# Any opinions on this MB



## mikeblom13

Not much feedback about this board on NewEgg.
Has anybody heard much about it?

NewEgg   N82E16813128513

Thanks


----------



## Jc61990

I have it. 

Its awesome


----------



## firecat0999

Personaly, i find Asus to be more stable than Gygabite, but its up to you really


----------



## jonnyp11

firecat0999 said:


> Personaly, i find Asus to be more stable than Gygabite, but its up to you really



Actually lately they have been having both support and product issues. several members here have had bad experiences and since gigabyte is just as good if not better quality they are currently the better buy.


----------



## linkin

In Australia, we call Gigabyte Gigashite with good enough reason. Though they do have local RMA centres along with Asus. I prefer ASRock now though. Excellent value for money, performance and features.
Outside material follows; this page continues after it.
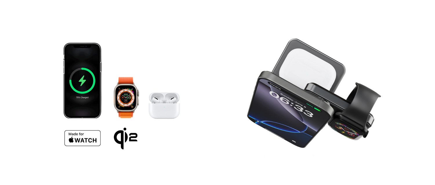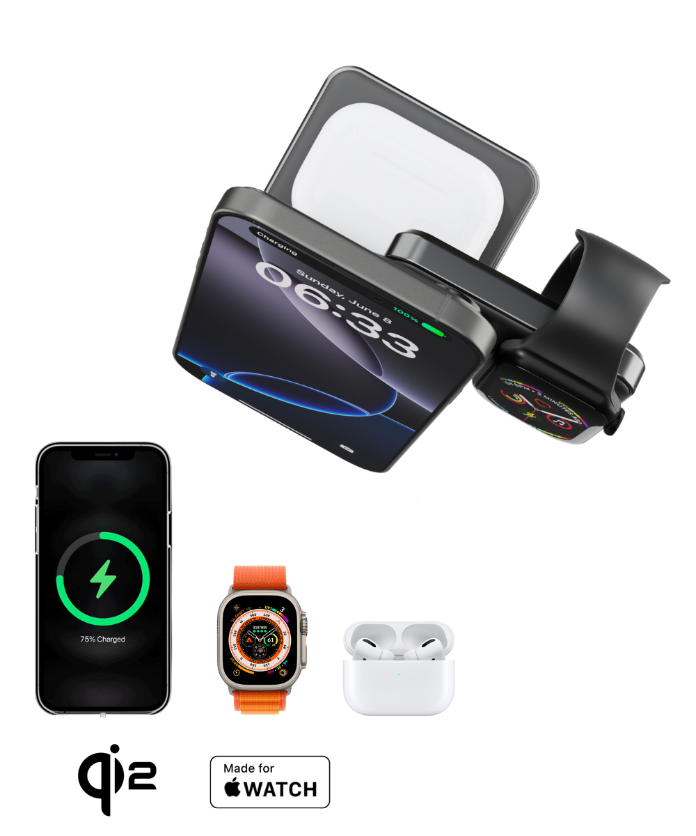Efficiently Power Your iPhone, Apple Watch, and Qi-Enabled Earbuds Anytime, Anywhere.

Support is a little slow and lacking, but you can get official support from ASRock TSD on TweakTown forums.


----------



## jonnyp11

it would be nice if there was a single opinion on everything instead of 20 different ones, but most people on here seem to be fond of gig and asus, but there seem to be more asus haters than gigs so gigabyte seems to be best, the asrock everyone seems to agree that they are good quality with a great feature and quality to price ratio.


----------



## StrangleHold

mikeblom13 said:


> Not much feedback about this board on NewEgg.
> Has anybody heard much about it?
> 
> NewEgg N82E16813128513
> 
> Thanks


 
Pretty good board. Has a 20 phase power setup/Driver mosfets/Dual bios/2oz. copper PCB and a good cooling setup.


----------



## aadison

In Australia, we call Gigabyte Gigashite with good enough reason. Though they do have local RMA centres along with Asus. I prefer ASRock now though. Excellent value for money, performance and features. Support is a little slow and lacking, but you can get official support from ASRock TSD on TweakTown forums.


----------